Robyn:                  Women tend not to want their faces photographed. If they don't mind being photographed, we had people who would say to us, women mostly, I don't want to see that photo on the internet or I don't want to see that photo. Please don't put it somewhere where the public could see it, and of course we respected those wishes, but in general people don't mind being photographed. They especially love it when you photograph their food. The process of making food or producing ingredients, I think a lot of times people were very puzzled. Why are you photographing this making of pomegranate molasses or why are you photographing this woman milking her goat. It's just daily life to them. So they couldn't quite figure out why we're so interested, but then you'd explain we're working on a book or we're documenting food culture, and it'd kind of be like oh, that's really interesting. We didn't have any problem really at all photographing out east.

Suzy Chase:                  Talk a little bit about the worker canteens. Now, are these what they call esnafs?

Robyn:                  Yes. Esnaf means a worker or tradesman. They started out really in Istanbul in the 1800s when office work became a thing in the European side of Istanbul. People needed, men because women were still in the home at that time, needed a place to eat lunch. They couldn't get home for lunch and they needed somewhere to eat, and these very casual, very homey places opened up that would serve home style dishes. If you go into these places everything's on a steam table and I think that tends to put foreign visitors off. They poke their head in and they see a steam table and they think ooh, buffet, but the dishes they're serving are dishes that would be long cooked or stewed and if they weren't sitting on a steam table in this lokanta working men's canteen, then they would be sitting at the back of a grandma's stove or at the back of a mother's stove, so these are actually really dishes that are perfect for the steam table because you like a stew that's sort of been sitting over low heat for a long time reducing and getting richer in flavor, and these are very economical places to eat. They're also in eastern Turkey where I came across a lot of dishes that I really loved, and it's basically the homiest of home foods served in a public place.

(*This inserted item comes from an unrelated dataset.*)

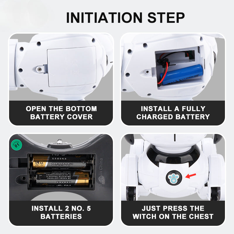 down,stand to attention, roll over, waist twist, Push-up, urination, touch, singing, programming, voice control and other functions. You can also connect your phone Bluetooth to play phone music. 5 meter drive, 2 hours of charging, 45 minutes of useCharging time: 2 hours Working time: 45 minutes Working distance: 5 meters Body:built-in 3.7V lithium battery, 800mAh Controller: 2AA not included Motors: 5 Accessories: remote controller, 1 USB charging cable, manual, screwdriver, voice recognition card |
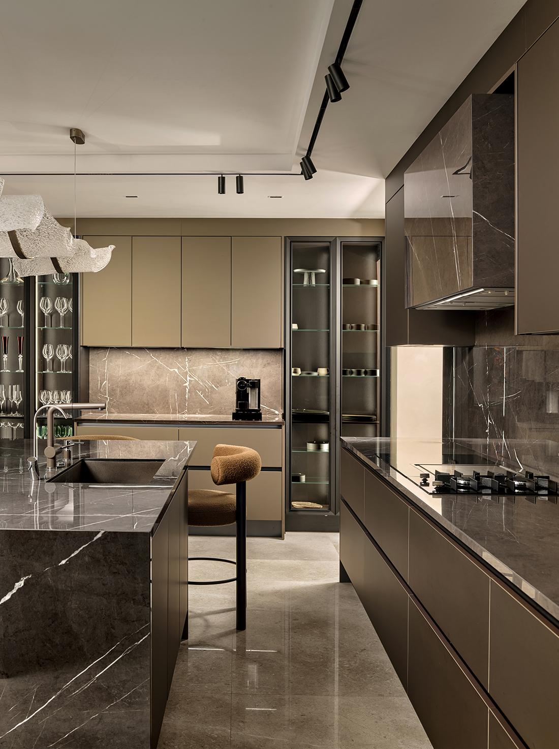 Individual private areas are articulated to convey each family member’s identity, whereas the communal zones are composed to reinforce unity and social interaction. Natural light is strategically employed to define spatial character and establish a sense of openness and calm, while the garden level extends the interior outward to achieve a seamless relationship between architecture and landscape. Consultations with the homeowners informed the inclusion of a bar within the living area, reinforcing the ground floor as an elegant, social focal point. The design language harmonizes Ala Sirkeci’s architectural identity with the family’s lifestyle, resulting in a residence distinguished by refined coherence, careful detailing, and a sustained contemporary expression.

Suzy Chase:                  Did you have a favorite dish at these canteens?

Robyn:                  Gosh, that's hard.

Suzy Chase:                  All of them?

Robyn:                  You can always, almost always find kuru fasulye which are white beans stewed for a long time in tomato sauce and there's a recipe for that in the Istanbul chapter. I think for me that's an iconic esnaf lokanta dish. It's just, it's homey. It's comforting. I mean, who doesn't like soft white beans and they're often served, it can be served and is often eaten over a buttery rice pilaf that might be studded with maybe some orzo or some almonds. It's just a wonderful dish that's good especially in the winter.

Suzy Chase:                  So your blog is called Eating Asia, and there's one blog post called Please Don't Call it Turkish Pizza. Talk a bit about the desire to make familiar unfamiliar foods.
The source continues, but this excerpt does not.